Task to complete - Output all entries precisely and leave out the pictures.

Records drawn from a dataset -
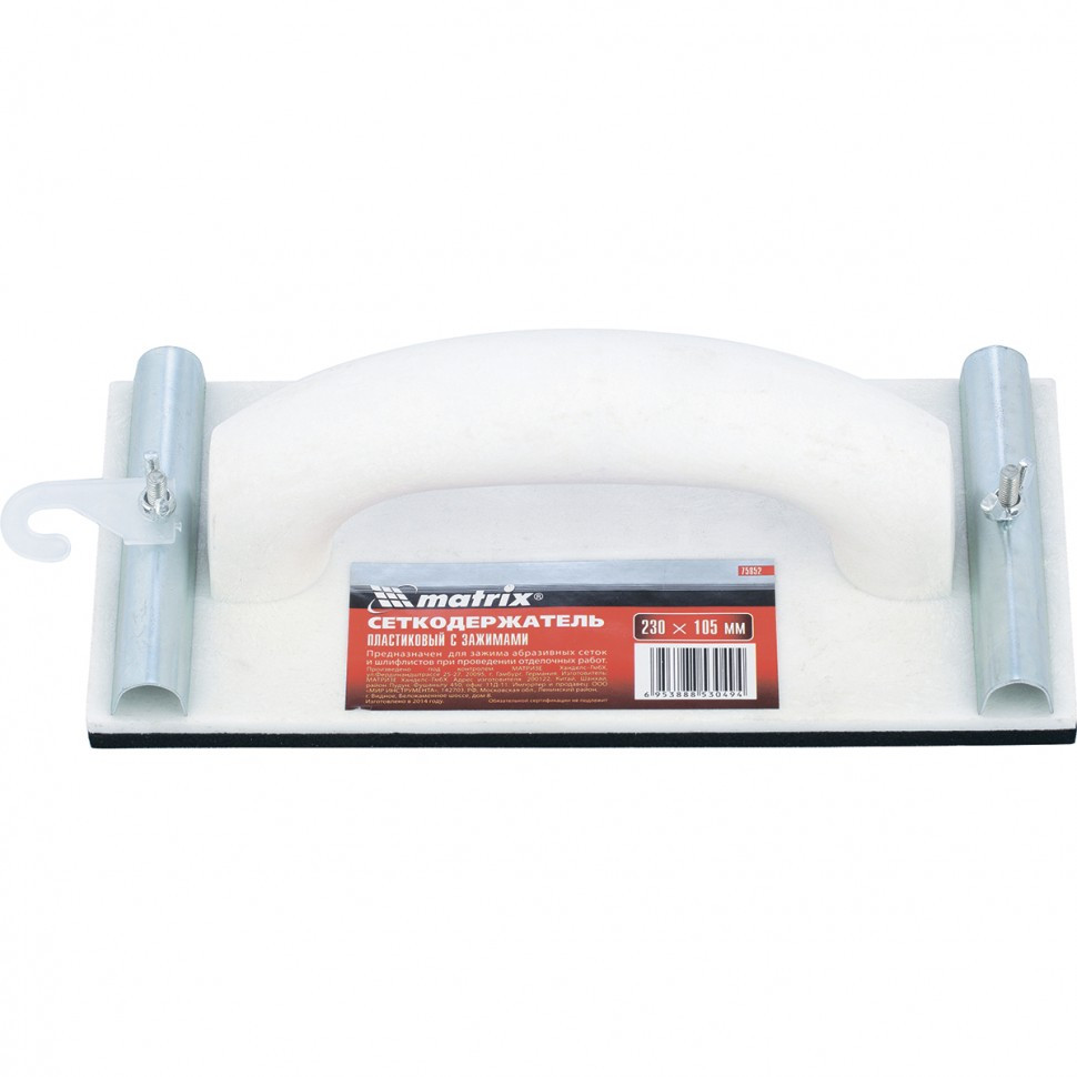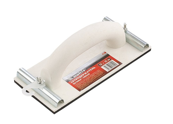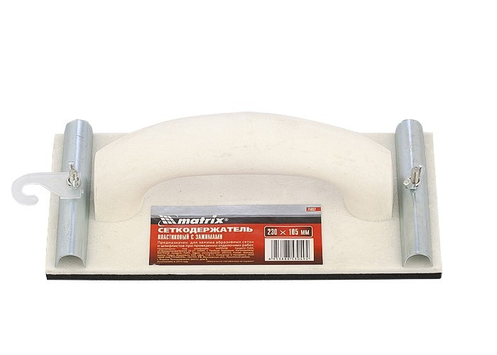 Пластиковый сеткодержатель Matrix 75852 с подошвой 230 х 105 мм, с зажимами, используется для ручного шлифования деревянных, шпатлеванных, металлических, пластмассовых и прочих твердых поверхностей. Сеткодержатель фиксирует абразивную стеклосетку или шлифлист и позволяет удалять старые отделочные покрытия, подготавливать поверхность под покраску, а также выполнять чистовую обработку.
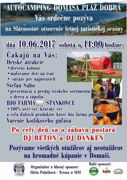 Autokemping Domaša pláž Dobrá v spolupráci s obcou Kvakovce Vás srdečne pozýva na Slávnostné otvorenie letnej turistickej sezóny.
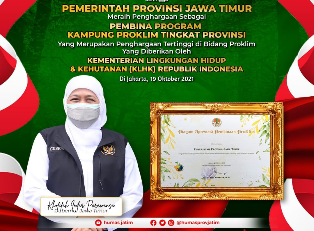 Pemerintah Provinsi Jawa Timur, kembali berhasil meraih penghargaan terbaik sebagai Pembina Program Kampung Proklim Tingkat Provinsi dari Kementerian Lingkungan Hidup dan Kehutanan (KLHK) di Jakarta, Selasa (19/10/2021).
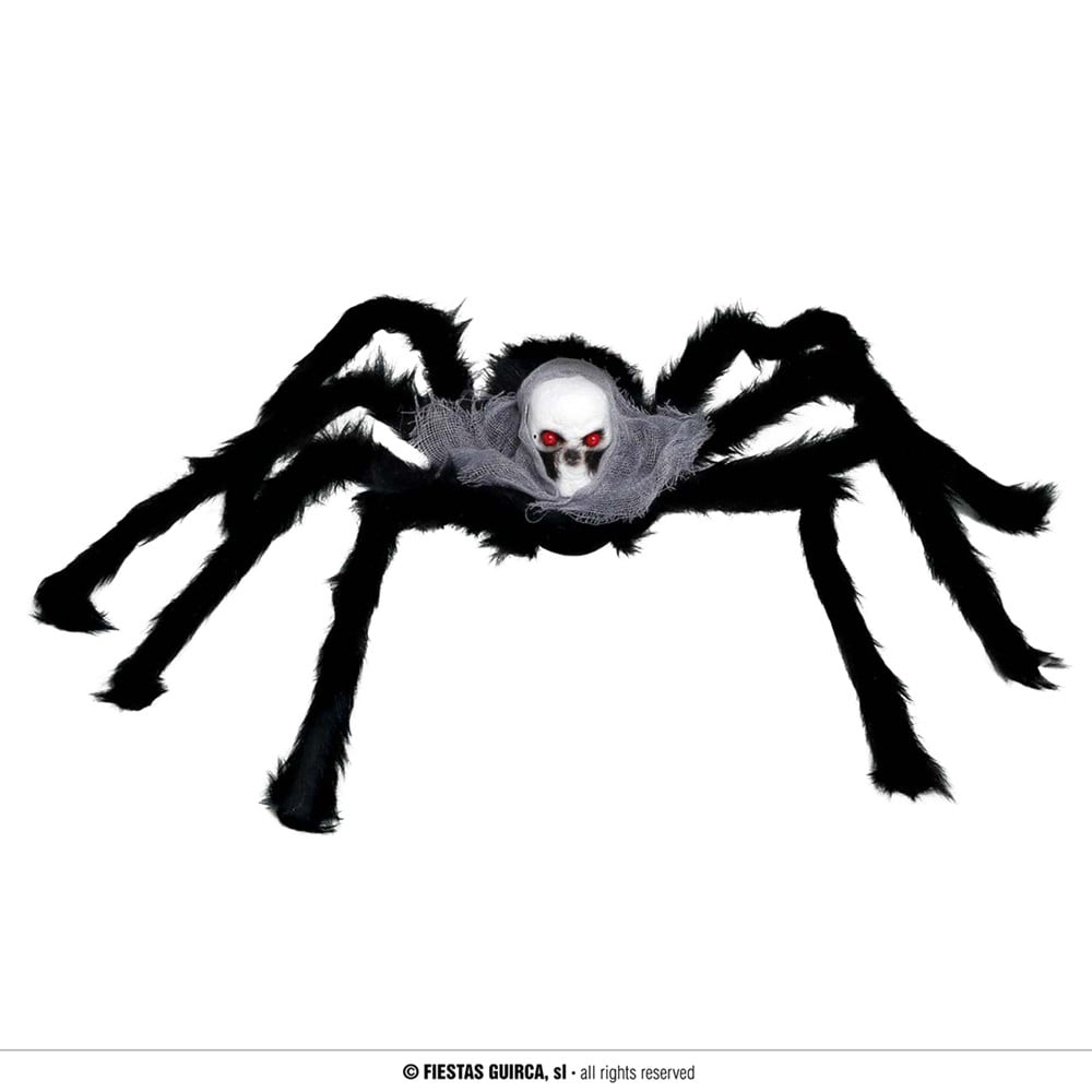 Merimangë dekoruese për halloween, e frikshme dhe e neveritshme me një kafkë njeriu dhe sy të kuq. Ky dekorim unik do të sjellë një atmosferë autentike tmerri dhe misteri në hapësirën tuaj. Ky kombinim intrigues ngjall frikë dhe habi tek çdo person që ndeshet me këtë dekorim të pazakontë në rrugë. Merimanga e zezë duket shumë autentike dhe madhësia e saj mbresëlënëse prej 60 cm e bën atë jo vetëm një element dekorativ mbresëlënës për festën e halloween.
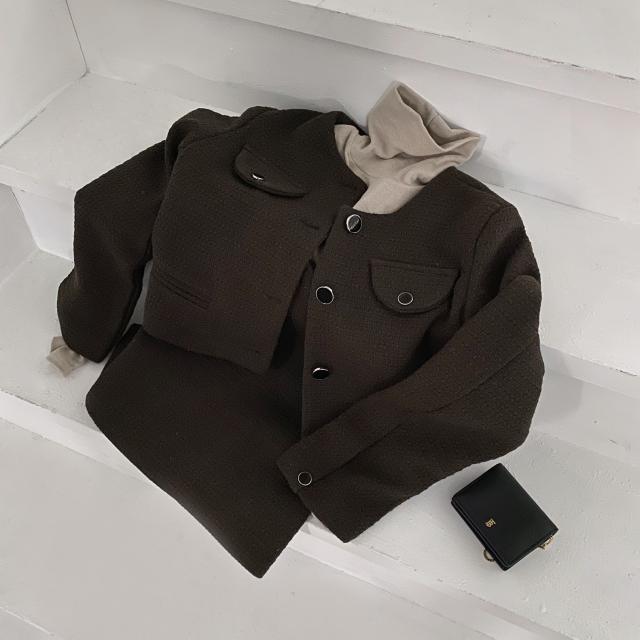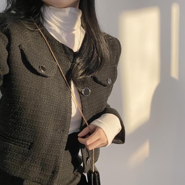 ツイードジャケットとスカートのセットアップです。

Final answer -
 Пластиковый сеткодержатель Matrix 75852 с подошвой 230 х 105 мм, с зажимами, используется для ручного шлифования деревянных, шпатлеванных, металлических, пластмассовых и прочих твердых поверхностей. Сеткодержатель фиксирует абразивную стеклосетку или шлифлист и позволяет удалять старые отделочные покрытия, подготавливать поверхность под покраску, а также выполнять чистовую обработку.
 Autokemping Domaša pláž Dobrá v spolupráci s obcou Kvakovce Vás srdečne pozýva na Slávnostné otvorenie letnej turistickej sezóny.
 Pemerintah Provinsi Jawa Timur, kembali berhasil meraih penghargaan terbaik sebagai Pembina Program Kampung Proklim Tingkat Provinsi dari Kementerian Lingkungan Hidup dan Kehutanan (KLHK) di Jakarta, Selasa (19/10/2021).
 Merimangë dekoruese për halloween, e frikshme dhe e neveritshme me një kafkë njeriu dhe sy të kuq. Ky dekorim unik do të sjellë një atmosferë autentike tmerri dhe misteri në hapësirën tuaj. Ky kombinim intrigues ngjall frikë dhe habi tek çdo person që ndeshet me këtë dekorim të pazakontë në rrugë. Merimanga e zezë duket shumë autentike dhe madhësia e saj mbresëlënëse prej 60 cm e bën atë jo vetëm një element dekorativ mbresëlënës për festën e halloween.
 ツイードジャケットとスカートのセットアップです。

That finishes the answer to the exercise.